Der Einfluss der Meinung anderer auf soziale Interaktionen bei der Borderline-Persönlichkeitsstörung
Haang Jeung-Maarse, Heidelberg (Germany)
Details anzeigen
Autor:in:
Haang Jeung-Maarse, Heidelberg (Germany)
Die Borderline-Persönlichkeitsstörung (BPS) ist durch instabile zwischenmenschliche Beziehungen gekennzeichnet. Experimentelle Daten deuten vor allem auf eine Überempfindlichkeit gegenüber möglichen Zurückweisungen und Bedrohungen hin, insbesondere bei der Wahrnehmung des emotionalen Ausdrucks von Gesichtern. In diesem Beitrag stellen wir Ergebnisse von zwei Studien vor, die weitere Aspekte von sozialen Interaktionen in interaktiven Experimenten untersucht haben: a) emotionale Reaktion auf Feedback und b) soziale Entscheidungsprozesse.
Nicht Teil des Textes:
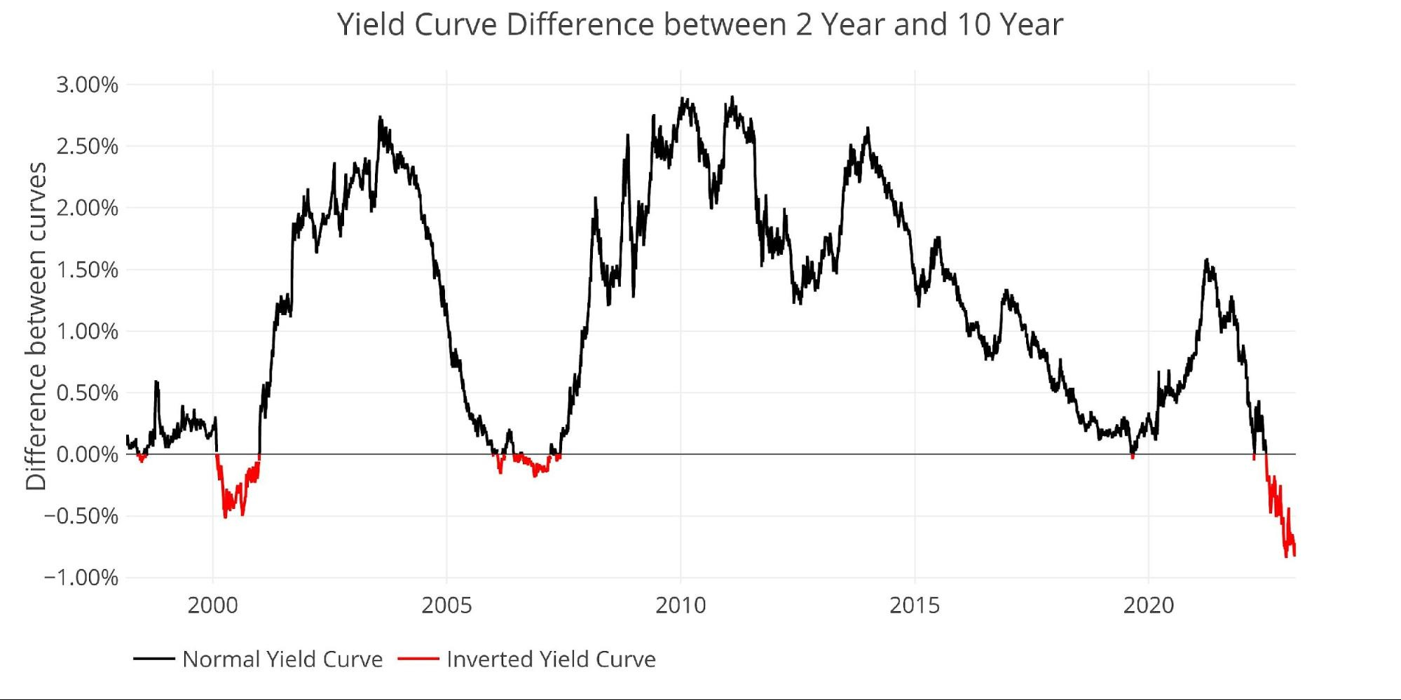The yield curve inversion between 10 and 2-year notes reached -83bps on Feb 14th, matching the low seen back on December 7th.
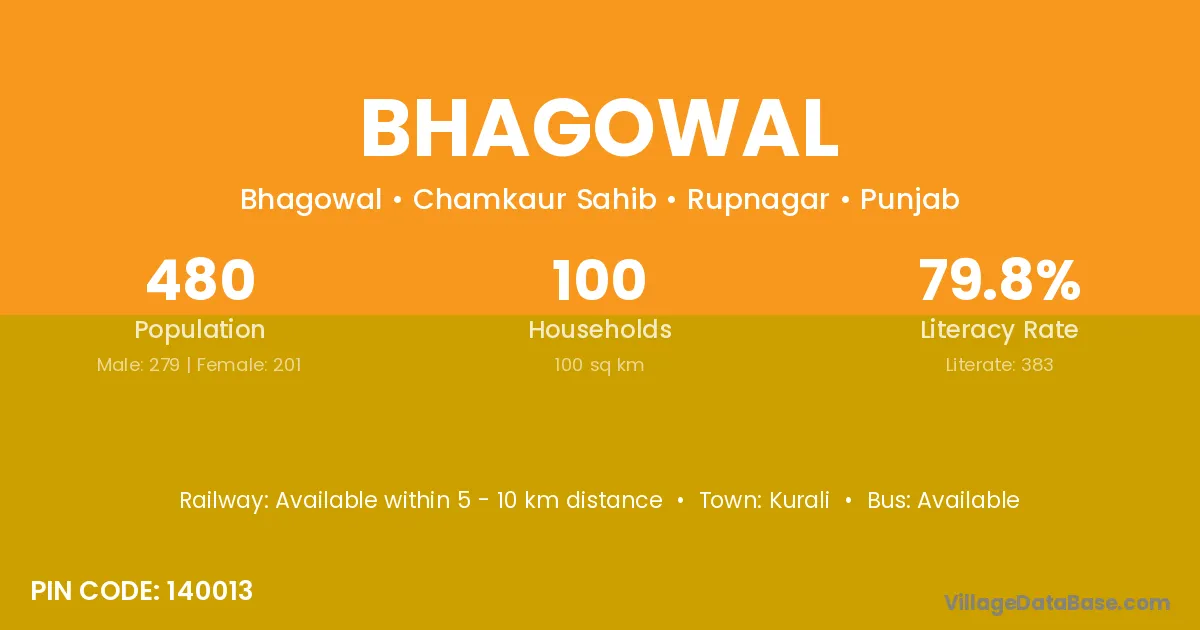 Bhagowal village has a total population of 480 people, of which 279 are males and 201 are females.

In der ersten Studie erhielten Patientinnen mit BPS und gesunde Kontrollprobandinnen (n=42) Feedback (positiv, negativ, neutral) zu ihrer eigenen Meinung in einem Chatroom und gaben nach jedem Feedback Rückmeldung über die Intensität von Emotionen (Freude, Trauer, Ärger und Scham). In der zweiten Studie konnten Patientinnen mit BPS und gesunde Kontrollprobandinnen (n=55) die Anzahl von Interaktionspartner (Dyade oder Triade) auswählen und Geld untereinander aufteilen. Weiterhin beobachteten sie Interaktionsverhalten von anderen und konnten diese sowohl in ihrer Fairness einschätzen als auch die anderen als Interaktionspartner aussuchen.
Insgesamt reagierten Patientinnen mit BPS mit negativeren Emotionen auf soziales Feedback von anderen. Darüberhinaus zeigten gesunde Probandinnen einen „Positivbias“ für jede Art des sozialen Feedbacks, während Patientinnen mit BPS in Reaktion auf die Qualität des Feedbacks abgestuft reagierten. Beide Gruppen bevorzugten eine Triade über einer Dyade, wobei das Aufteilungsverhalten der Patientinnen mit BPS fairer war als das der gesunden Kontrollprobandinnen.
Insgesamt deuten unsere Befunde darauf hin, dass in soziale Interaktionen negative Emotionen als Reaktion auf die Meinung anderer vorherrschen und dass Patientinnen mit BPS trotz eines ähnlichen Fairness-Empfinden wie gesunde Kontrollprobandinnen sich für sie ungünstige Interaktionspartner entscheiden würden.